"""

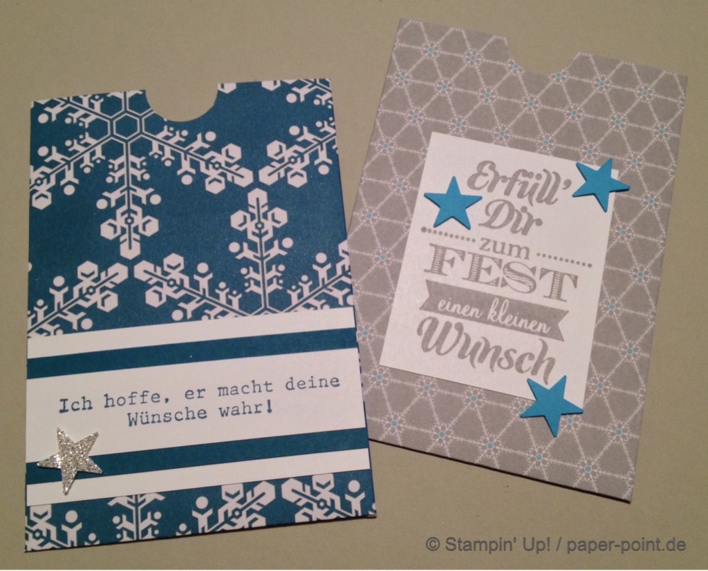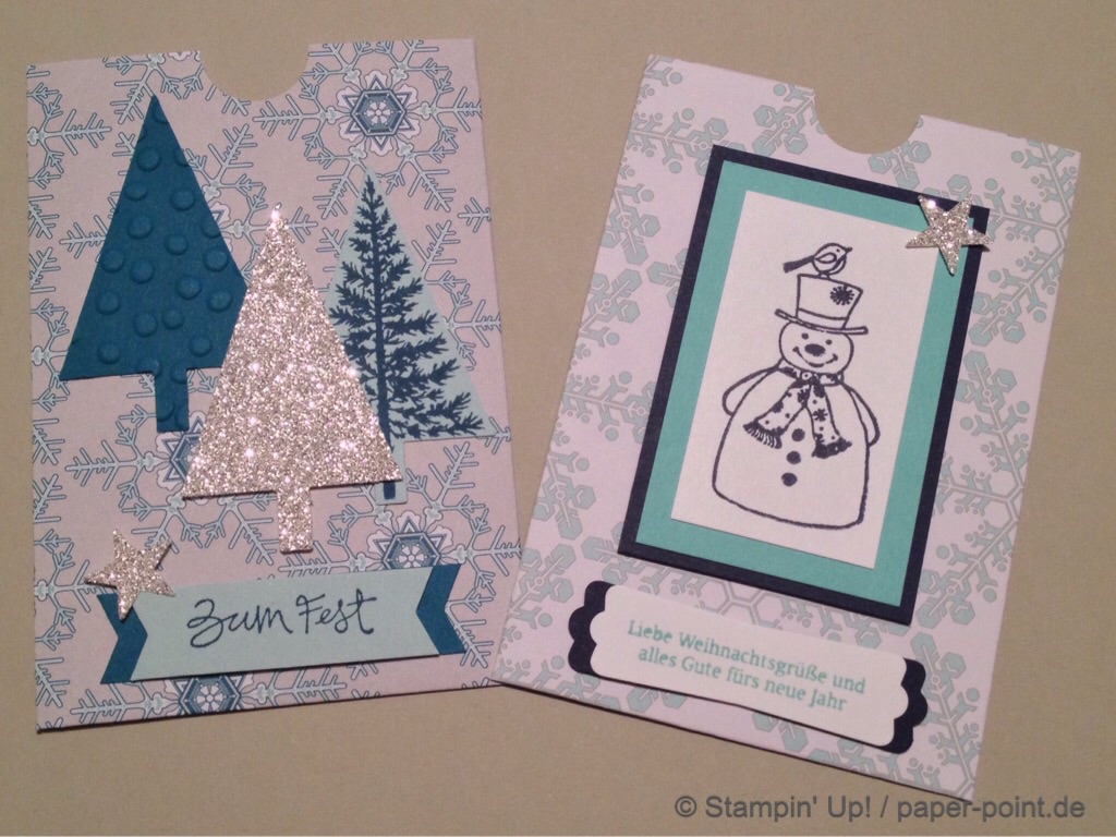 Bei diesen Gutscheinhüllen habe ich viele tolle Blautöne verwendet und mit silbernem Glitzerpapier verziert:
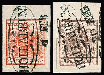 "Hollabrunn", je voller Zier-Ovalstempel, mit hinzugesetztem Datums-L1 auf zwei Kabinettbriefstücken 3 Kr. rosa bzw. 6 Kr. braun (diese Fotoexp. Ferchenbauer), Niederösterreich, Müller 1023a/192 P.
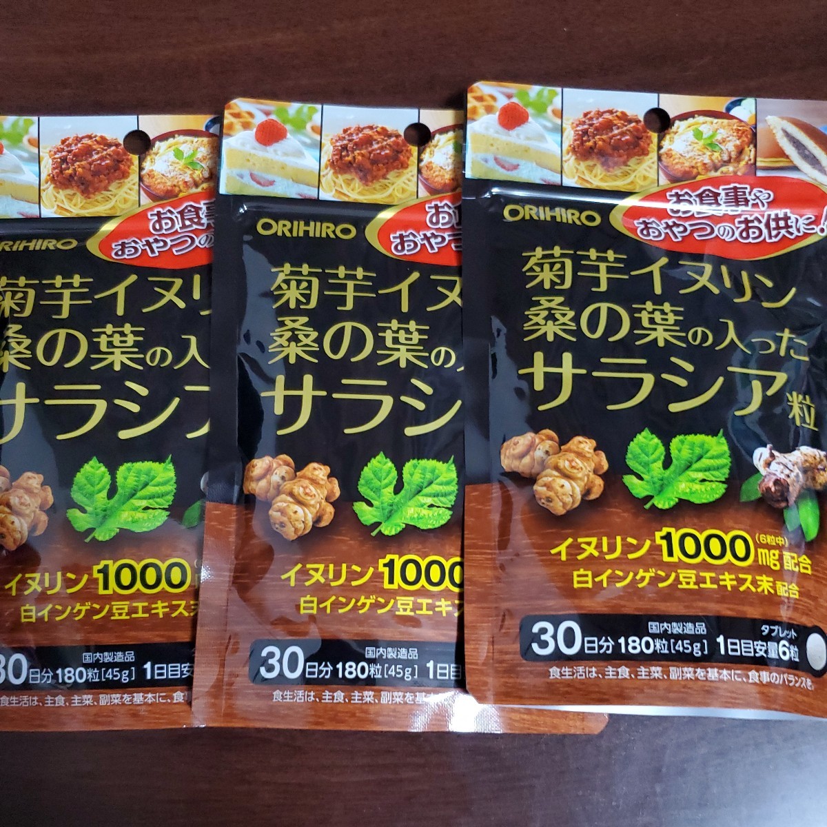 - オリヒロ/サプリ菊芋イヌリン桑の葉の入ったサラシア粒3袋賞味期限2027-03〜

"""

--- WORK REQUIRED ---
Everything in the material must be duplicated exactly, except the pictures.

--- EXERCISE OUTPUT ---
 Bei diesen Gutscheinhüllen habe ich viele tolle Blautöne verwendet und mit silbernem Glitzerpapier verziert:
 "Hollabrunn", je voller Zier-Ovalstempel, mit hinzugesetztem Datums-L1 auf zwei Kabinettbriefstücken 3 Kr. rosa bzw. 6 Kr. braun (diese Fotoexp. Ferchenbauer), Niederösterreich, Müller 1023a/192 P.
 - オリヒロ/サプリ菊芋イヌリン桑の葉の入ったサラシア粒3袋賞味期限2027-03〜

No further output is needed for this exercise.